- Exercise input -
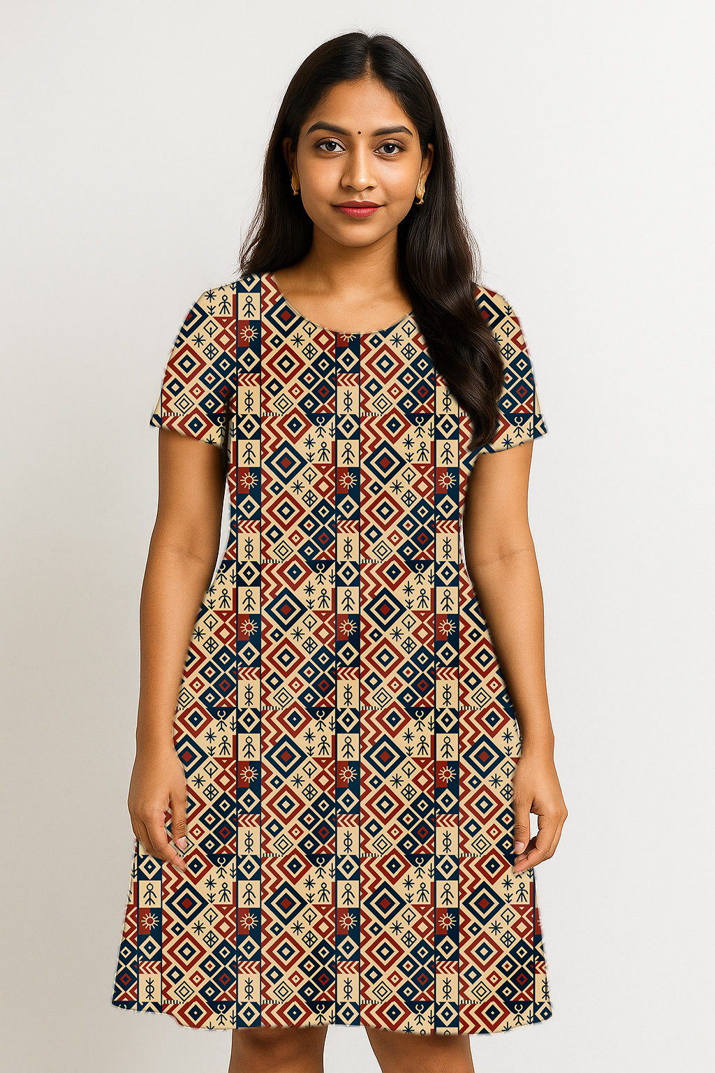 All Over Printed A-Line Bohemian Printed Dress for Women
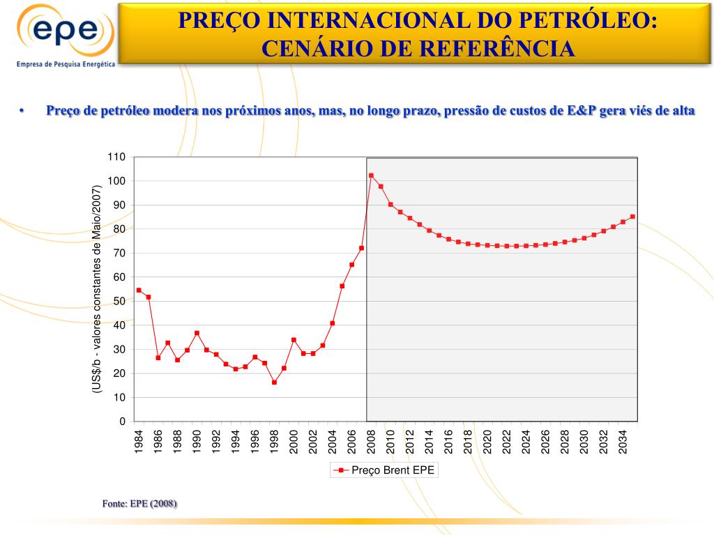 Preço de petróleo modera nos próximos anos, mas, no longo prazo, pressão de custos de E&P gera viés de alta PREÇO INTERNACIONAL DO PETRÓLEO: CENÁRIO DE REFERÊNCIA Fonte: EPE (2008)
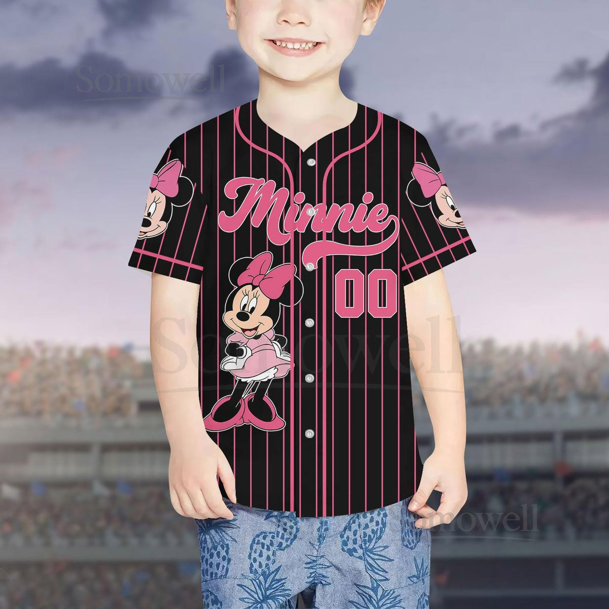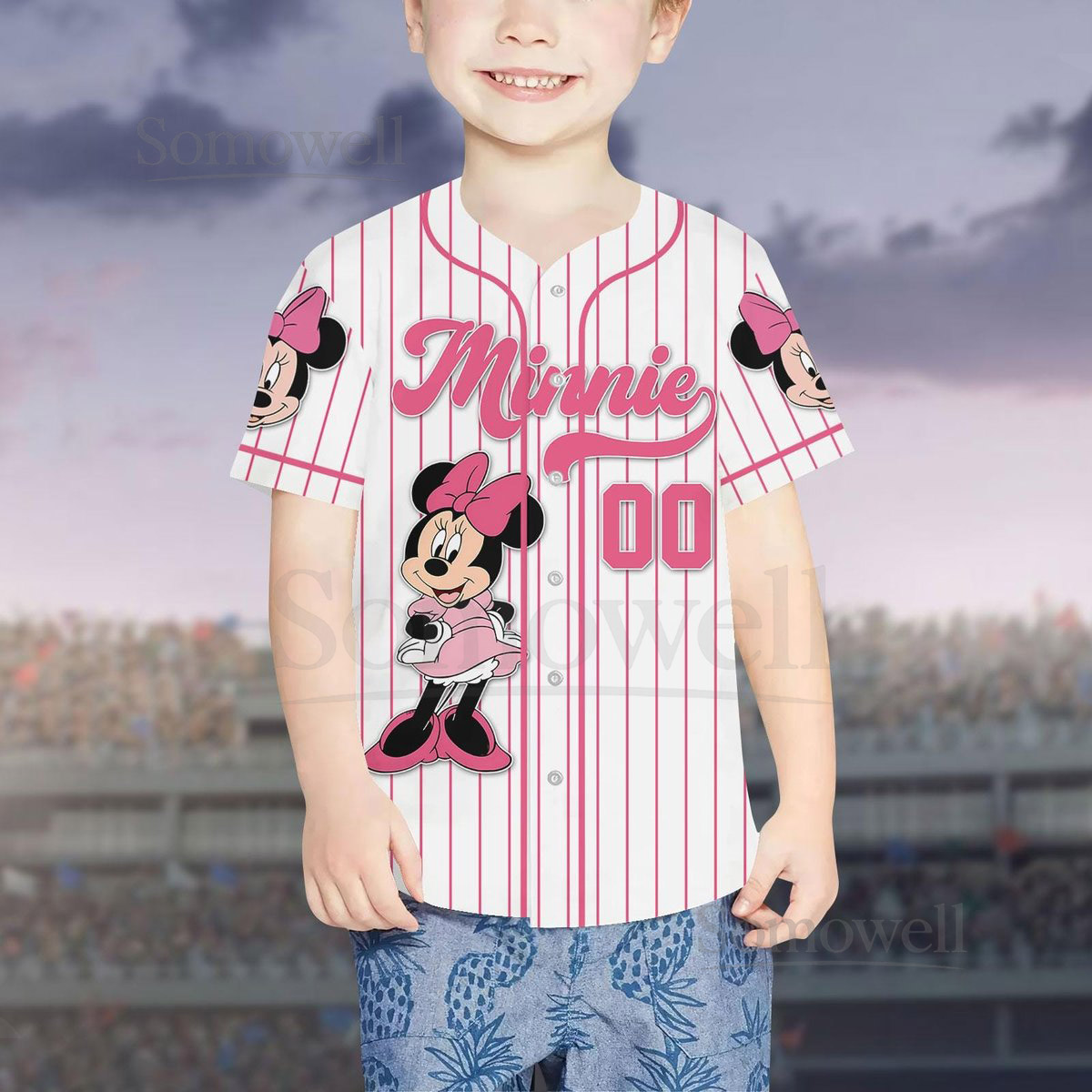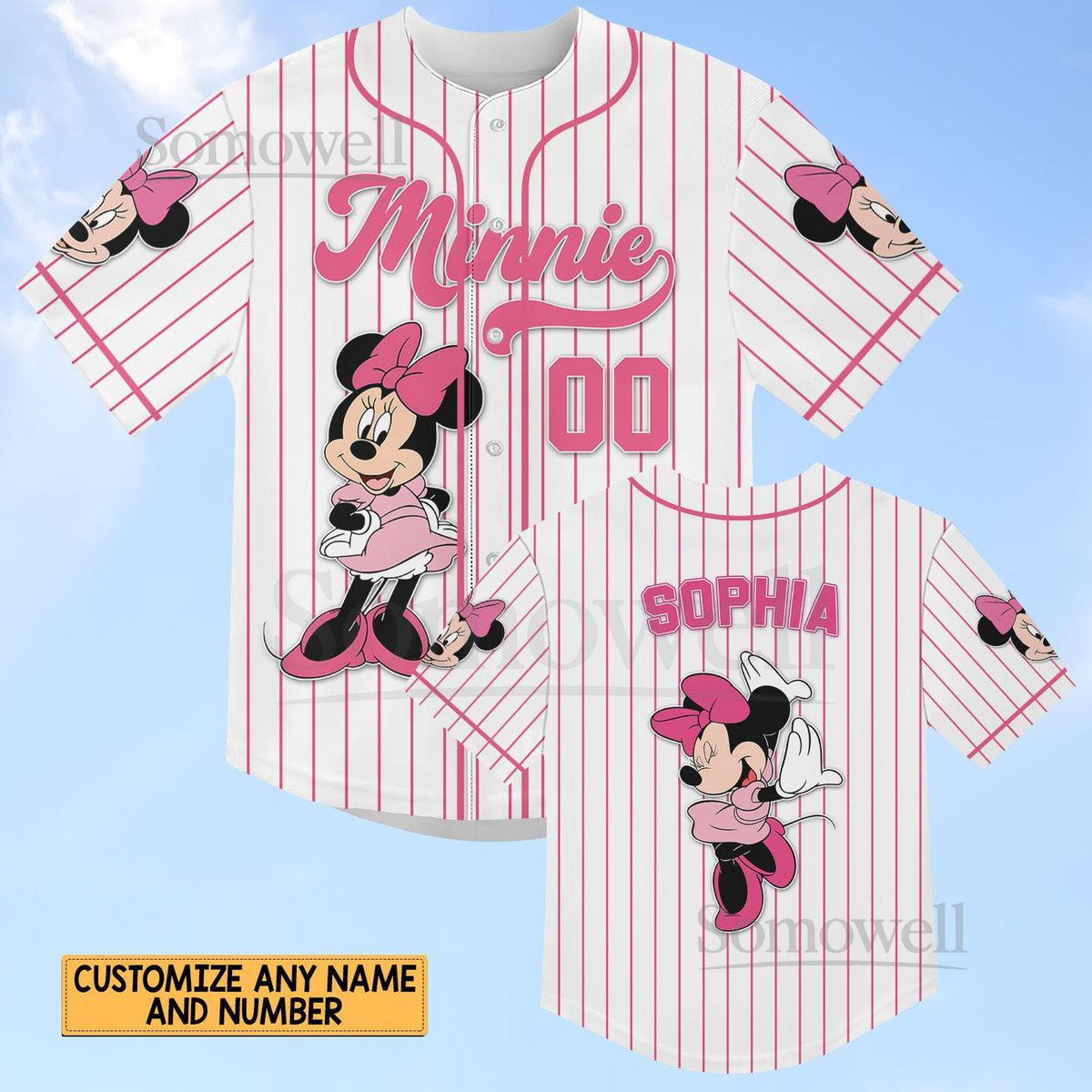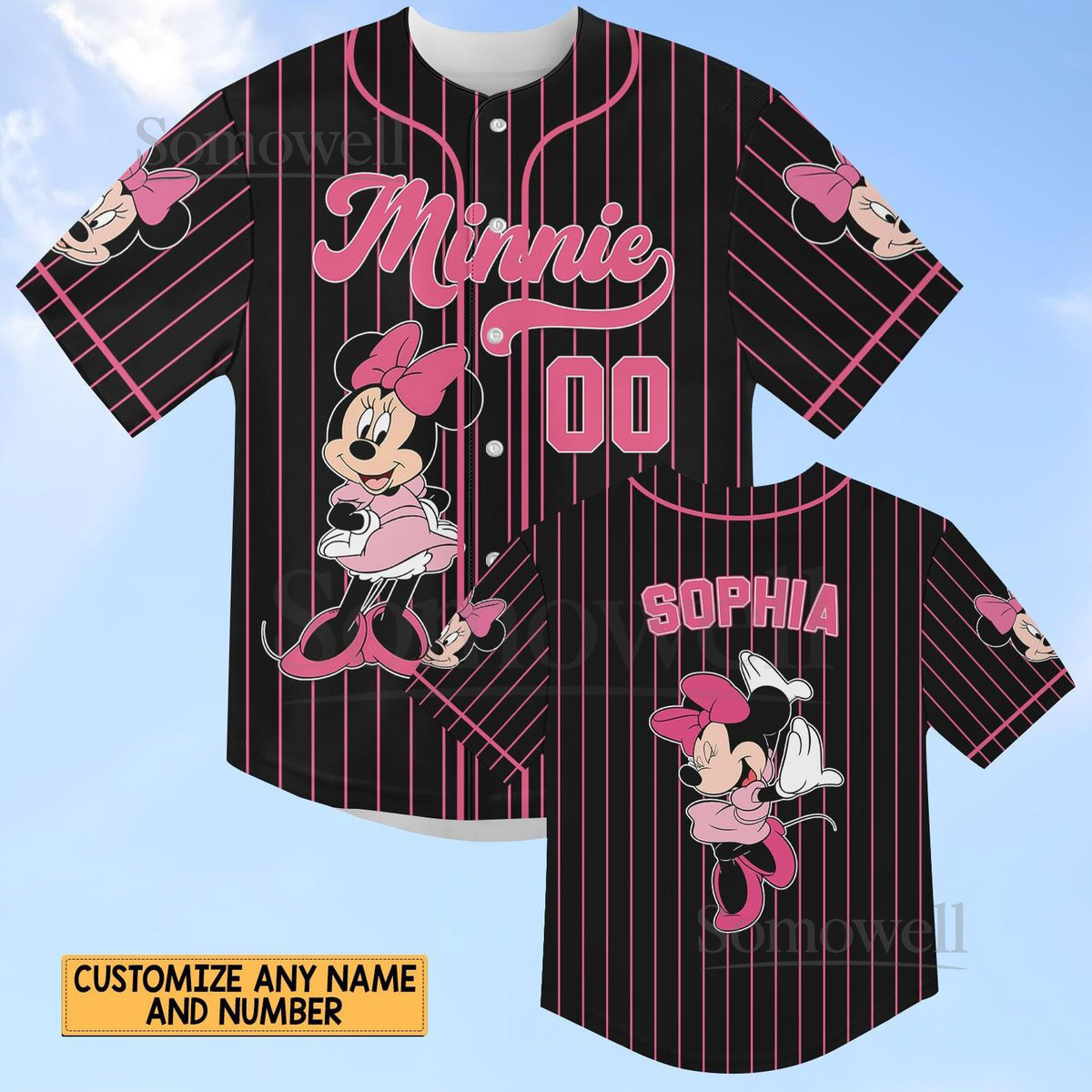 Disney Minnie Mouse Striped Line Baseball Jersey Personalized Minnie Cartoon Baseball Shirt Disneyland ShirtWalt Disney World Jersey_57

--

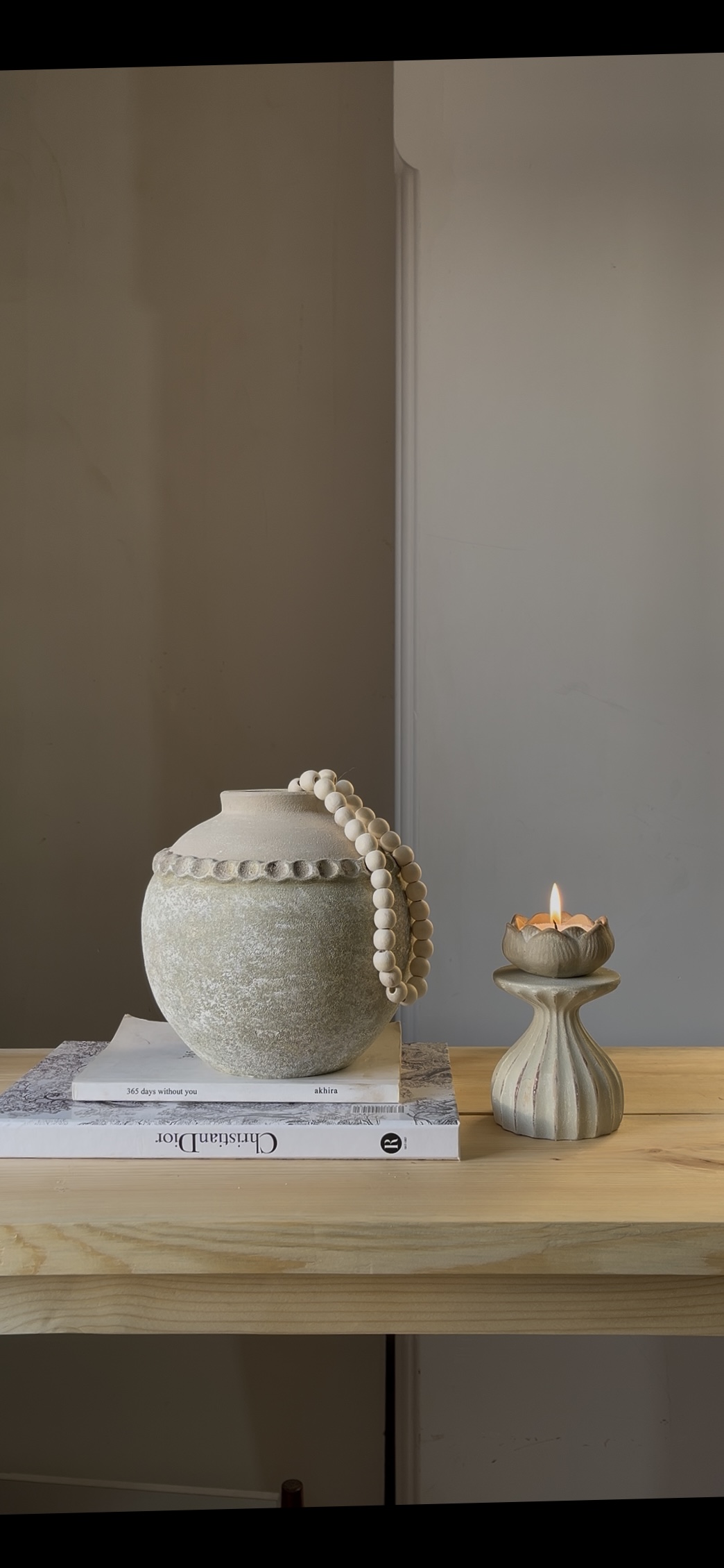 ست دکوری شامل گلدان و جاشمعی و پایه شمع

- What to work on -
Within the material above, only the stretch from the line holding "All Over Printed" through the line holding "Disney Minnie Mouse" is to be restated exactly. Pictures are dropped.

- Solution to this problem -
 All Over Printed A-Line Bohemian Printed Dress for Women
 Preço de petróleo modera nos próximos anos, mas, no longo prazo, pressão de custos de E&P gera viés de alta PREÇO INTERNACIONAL DO PETRÓLEO: CENÁRIO DE REFERÊNCIA Fonte: EPE (2008)
 Disney Minnie Mouse Striped Line Baseball Jersey Personalized Minnie Cartoon Baseball Shirt Disneyland ShirtWalt Disney World Jersey_57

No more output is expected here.